Chapter: Sound — Long Answer Questions (Class 9 CBSE)
Medium Level (Application & Explanation)
Q1. Explain how sound is produced when a guitar string is plucked and compare this with the sound produced when a drum is struck. Include how the surrounding medium participates in producing the sound you hear.
Answer:
When a guitar string is plucked, the string undergoes a rapid back-and-forth motion called vibration. These vibrations cause the nearby air particles to oscillate, creating regions of compression and rarefaction (pressure variations). These pressure variations travel as longitudinal sound waves through the air until they reach our ears. The guitar’s body amplifies the sound by transferring vibrations to larger air volumes.
In a drum, striking the membrane makes the membrane vibrate. The membrane pushes on the air more directly and with larger area, producing stronger pressure changes.
In both cases the medium (air) is essential: it carries the pressure variations from the vibrating object to the listener. Without a medium, the vibrations would not reach our ears and no sound would be heard. The nature of vibration (shape, frequency, amplitude) decides the pitch and loudness.
Q2. Why cannot sound travel through a vacuum? Describe a simple demonstration that shows this fact and explain the observations.
Answer:
Sound needs a medium (solid, liquid, or gas) because it travels by successive collisions between particles. In a vacuum there are no particles to carry these vibrations, so sound cannot propagate.
A common demonstration: place a ringing bell inside a glass jar connected to a vacuum pump. Initially, listeners outside the jar hear the bell clearly because air inside transmits sound. As the pump removes air, the sound gradually becomes fainter and finally almost disappears when most air is removed.
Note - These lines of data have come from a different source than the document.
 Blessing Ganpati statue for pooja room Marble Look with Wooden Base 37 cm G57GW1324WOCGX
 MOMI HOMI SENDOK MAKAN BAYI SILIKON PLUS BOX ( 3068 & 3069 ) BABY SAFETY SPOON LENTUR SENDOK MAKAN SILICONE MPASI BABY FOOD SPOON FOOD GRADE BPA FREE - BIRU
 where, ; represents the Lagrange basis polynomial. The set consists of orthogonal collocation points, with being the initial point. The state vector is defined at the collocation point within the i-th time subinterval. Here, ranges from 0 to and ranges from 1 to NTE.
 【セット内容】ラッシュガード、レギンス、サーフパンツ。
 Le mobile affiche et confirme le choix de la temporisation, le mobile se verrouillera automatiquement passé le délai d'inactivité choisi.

Observation: the bell still vibrates inside the jar, but sound is not heard outside because there is no medium to transmit the vibrations to the listener’s ear.
Conclusion: this shows that the presence of particles in a medium is essential for sound to travel. It also distinguishes vibration of an object from perception of sound, which requires a transmitting medium.
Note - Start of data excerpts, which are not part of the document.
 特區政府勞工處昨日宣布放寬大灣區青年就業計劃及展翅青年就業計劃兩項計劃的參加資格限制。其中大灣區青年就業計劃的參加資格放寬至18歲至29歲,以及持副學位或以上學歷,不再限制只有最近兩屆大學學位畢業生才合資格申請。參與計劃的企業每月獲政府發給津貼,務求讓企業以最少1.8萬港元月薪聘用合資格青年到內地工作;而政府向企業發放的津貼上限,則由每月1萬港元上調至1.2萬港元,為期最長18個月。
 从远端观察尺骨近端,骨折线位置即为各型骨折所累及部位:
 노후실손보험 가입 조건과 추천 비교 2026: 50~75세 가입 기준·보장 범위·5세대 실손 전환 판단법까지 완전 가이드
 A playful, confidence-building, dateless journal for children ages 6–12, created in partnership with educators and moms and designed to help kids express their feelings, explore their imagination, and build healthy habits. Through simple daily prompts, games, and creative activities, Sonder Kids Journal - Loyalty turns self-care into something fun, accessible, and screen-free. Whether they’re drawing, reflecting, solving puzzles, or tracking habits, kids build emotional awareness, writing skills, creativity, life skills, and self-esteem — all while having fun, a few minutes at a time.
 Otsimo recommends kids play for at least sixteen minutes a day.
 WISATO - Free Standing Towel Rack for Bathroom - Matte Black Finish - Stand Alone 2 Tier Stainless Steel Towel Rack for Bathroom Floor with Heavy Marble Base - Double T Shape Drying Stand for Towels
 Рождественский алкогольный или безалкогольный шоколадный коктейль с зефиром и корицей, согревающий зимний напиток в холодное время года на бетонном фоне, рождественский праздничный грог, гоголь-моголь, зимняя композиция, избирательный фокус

Q3. Describe the relationship between frequency and pitch. Use examples such as bird chirping, tuning forks, and stringed instruments to explain how frequency determines pitch in everyday sounds.
Answer:
Frequency is the number of vibrations per second measured in Hertz (Hz). Pitch is how high or low a sound seems to our ear. The general rule is: higher frequency → higher pitch, and lower frequency → lower pitch.
Example: small birds chirp at high frequencies, so their sounds have a high pitch. A tuning fork of 512 Hz will produce a specific, clear pitch; another fork with a lower Hz value produces a lower pitch.
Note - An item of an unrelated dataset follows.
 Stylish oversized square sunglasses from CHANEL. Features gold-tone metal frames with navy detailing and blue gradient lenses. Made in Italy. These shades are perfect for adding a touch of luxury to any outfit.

In stringed instruments, changing the length, tension, or mass per unit length of the string changes its frequency. Shortening a string or increasing its tension raises the frequency and therefore raises the pitch.
Our ears interpret the frequency pattern of incoming sound waves as pitch; thus musical notes are distinguished mostly by their frequency values.
Q4. Explain how amplitude affects loudness. Include real-life examples (whisper vs. shout, concerts) and mention one way to measure loudness scientifically.
Answer:
Amplitude refers to the maximum displacement of particles from their rest position in a sound wave. Loudness is how strong or soft a sound appears to our ear and is related to amplitude: greater amplitude → louder sound; smaller amplitude → softer sound.
Examples: a whisper has very small amplitude and is heard only nearby. A shout or a struck drum has large amplitude and can be heard far away. At concerts, amplifiers increase the amplitude of the sound waves so the music reaches the audience loudly.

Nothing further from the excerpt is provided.